I want to use kerberos on PNFS MDS as a NFS client to its PNFS DSs and as a NFS Server to its NFS clients which is connect to the PNFS MDS itself.

But let's break down the problem. I can not use gssd with -h flag AND work with a NFS share with kerberos ticket (`-sec=krb5i:krb5p`).

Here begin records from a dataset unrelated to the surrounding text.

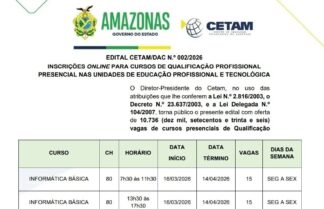 Cetam abre mais de 10 mil vagas em cursos de qualificação para o interior do Amazonas Empregos Manaus / 12 de fevereiro de 2026
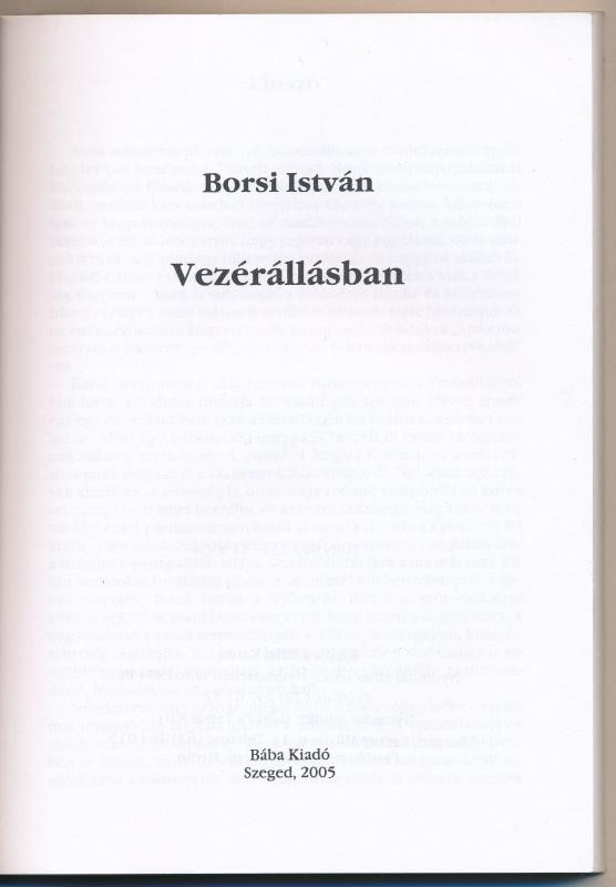 Borsi István: Vezérállásban. Szeged, 2005, Bába Kiadó. Kiadói papírköt... https://www.darabanth.com/de/299-Fernauktion/299.0/Bucher/Bucher-Technik~200011/Borsi-Istvan-Vezerallasban-Szeged-2005-Baba-Kiado-Kiadoi-papirkotesben~II1557166
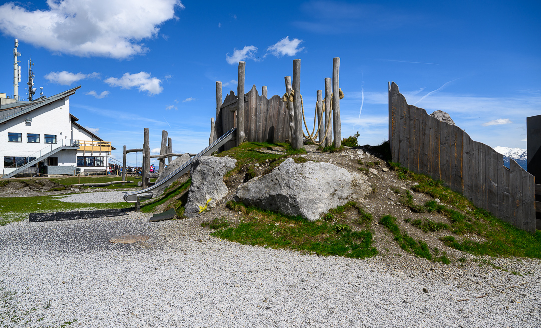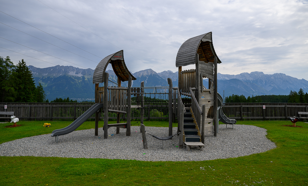 Het eerste kinderparadijs ligt direct bij het dalstation van de Patscherkofelbahn. Een groot speelhuis omringd door kleine kiezelstenen nodigt kinderen uit om te spelen. Er is ook een zandbak, wipdieren en groene zones. Het terras van het restaurant"Das Hausberg" biedt een goed uitzicht op de speeltuin, zodat je kunt ontspannen en van je koffie kunt genieten. Neem daarna de Patscherkofel kabelbaan naar het bergstation. De tweede speeltuin ligt al te wachten naast restaurant "Das Kofel". Het is vrij klein, maar goed geplaatst zodat mama en papa ook kunnen genieten van het prachtige panorama vanaf de Patscherkofel.
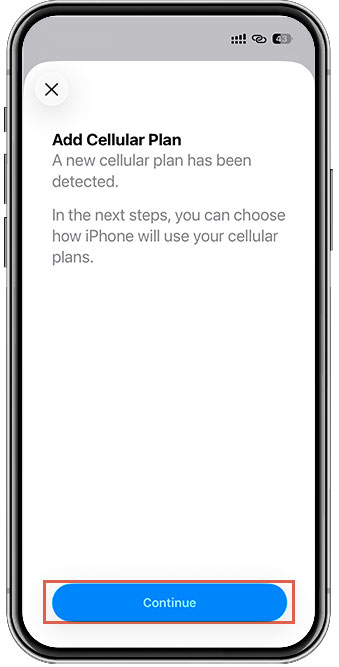 Tap “Continue” to add cellular plan
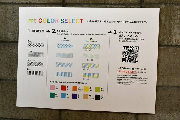 建物を移動すると、また違う限定アイテムのコーナーへ。オーストラリアのアーティスト「Build & Pop」さんとのコラボで制作されたmt柄や、会場内の装飾に使われたテープが販売されていました。
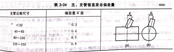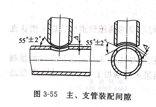 三通的主、支(zhi)(zhi)(zhi)管應(ying)按圖:3-55所示下料(liao)劃線,然后(hou)加工支(zhi)(zhi)(zhi)管的“馬鞍形”及圓滑過渡(du)的坡(po)口(kou)。主管應(ying)按支(zhi)(zhi)(zhi)管實際內(nei)徑用電鉆開孔(kong)(不能用氣(qi)割開孔(kong)),孔(kong)壁應(ying)平整、光滑,孔(kong)徑誤差(cha)為士(0.2~0.5)mm,孔(kong)的中心線應(ying)與主管中心線相交并(bing)垂(chui)直(zhi)。主、支(zhi)(zhi)(zhi)管結合處應(ying)嚴(yan)密吻(wen)合,間隙均勻,并(bing)做出定位標記,以便裝(zhuang)配。裝(zhuang)配時支(zhi)(zhi)(zhi)管內(nei)徑必須對(dui)正主管孔(kong)口(kou),錯孔(kong)量不應(ying)大于(yu)0.5mm.主、支(zhi)(zhi)(zhi)管垂(chui)直(zhi)度總偏差(cha)量應(ying)小于(yu)表3-26的規定,其間隙=1.5~4mm,坡(po)口(kou)角度為55°±2°,其他部(bu)位坡(po)口(kou)角度以圓滑過渡(du)為宜,如圖3-55所示,點焊(han)定位復查后(hou),再正式焊(han)接。
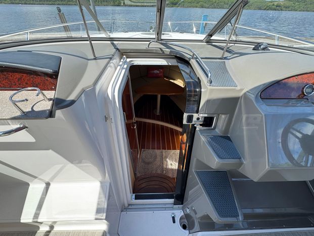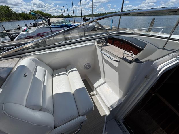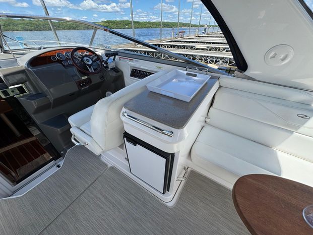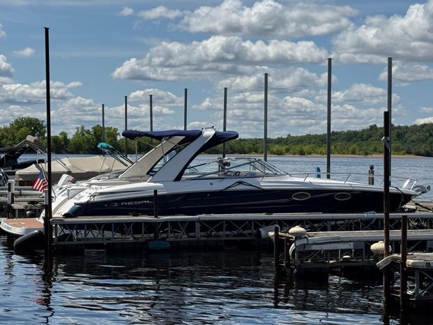This is the big one for those who favor pursuing their pleasures in the lap of luxury at 55 mph. Think of it as combining deep-V high performance with a penthouse (ocean view, of course). The penthouse part includes a cherry wood dining table that converts to a double bed, a fully enclosed head, hanging locker, large skylight with hatch and ample storage for long weekend escapes. For maximum entertaining flexibility, cockpits can be configured to suit individual needs. Forty square feet of convertible sun lounge area and the weatherproof six-speaker, 100-watt marine stereo system is all part of a huge list of features and equipment that you'll find standard only on the Regal 3350.
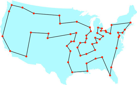 외판원이 가장 적은 비용으로 모든 도시를 방문하면서 자기 집으로 돌아온다고 하여 외판원 순회라는 이름이 붙었습니다.

on the NFS Client (or technically the PNFS MDS):
/etc/rc.conf

```
...
nfsuserd_enable="YES"
gssd_enable="YES"
gssd_flags="-h"
nfs_client_enable="YES"
...
```

When I mount the NFS share I can not work with its directory:

```
client:~ #mount_nfs -o vers=4,nfsv4,minorversion=2,sec=krb5p,gssname=host server.domain.net:/ /storage/ds/
client:~ #touch /storage/ds/ds0/test123
touch: /storage/ds/ds0/test123: Permission denied
```

But without the -h flag it works perfectly and my clients can connect to the PNFS MDS with AUTH_SYS and my PNFS MDS can connect to the PNFS DS with krb5p

Any Ideas?


----------



## SirDice (Dec 7, 2022)

Did you register the host in Kerberos? Not sure which SPN it might need, NFS typically uses a `nfs/<hostname>` SPN. Check `klist -k` on the 'client'.


----------



## monwarez (Dec 7, 2022)

By looking at 








						Solved - ERR 20: Auth Credentials are too weak (NFSv4 + KRB5)
					

Hi,  I want to share a directory with NFSv4 + Kerberos. Here is my configuration: NFS Server: (also tested with -alldirs before and yes I want to use the krb5p) /etc/exports V4: /tank/ds -sec=krb5p client.domain.net /tank/ds -sec=krb5p -maproot=root client.domain.net  Also /etc/rc.conf ...




					forums.freebsd.org
				




This seems weird, it looks like the client is only the NFS server
In my configuration I have after `kinit` plus mounting with nfs

```
Credentials cache: FILE:/tmp/krb5cc_1001
        Principal: username@LOCAL
    Cache version: 4

Server: krbtgt/LOCAL@LOCAL
Client: username@LOCAL
...
Server: nfs/server-nfs.local@LOCAL
Client: username@LOCAL
...
```

In my case there is 3 distinct computer: a KDC, an NFS server, and a client.


----------



## spmzt (Dec 8, 2022)

SirDice said:


> Did you register the host in Kerberos? Not sure which SPN it might need, NFS typically uses a `nfs/<hostname>` SPN. Check `klist -k` on the 'client'.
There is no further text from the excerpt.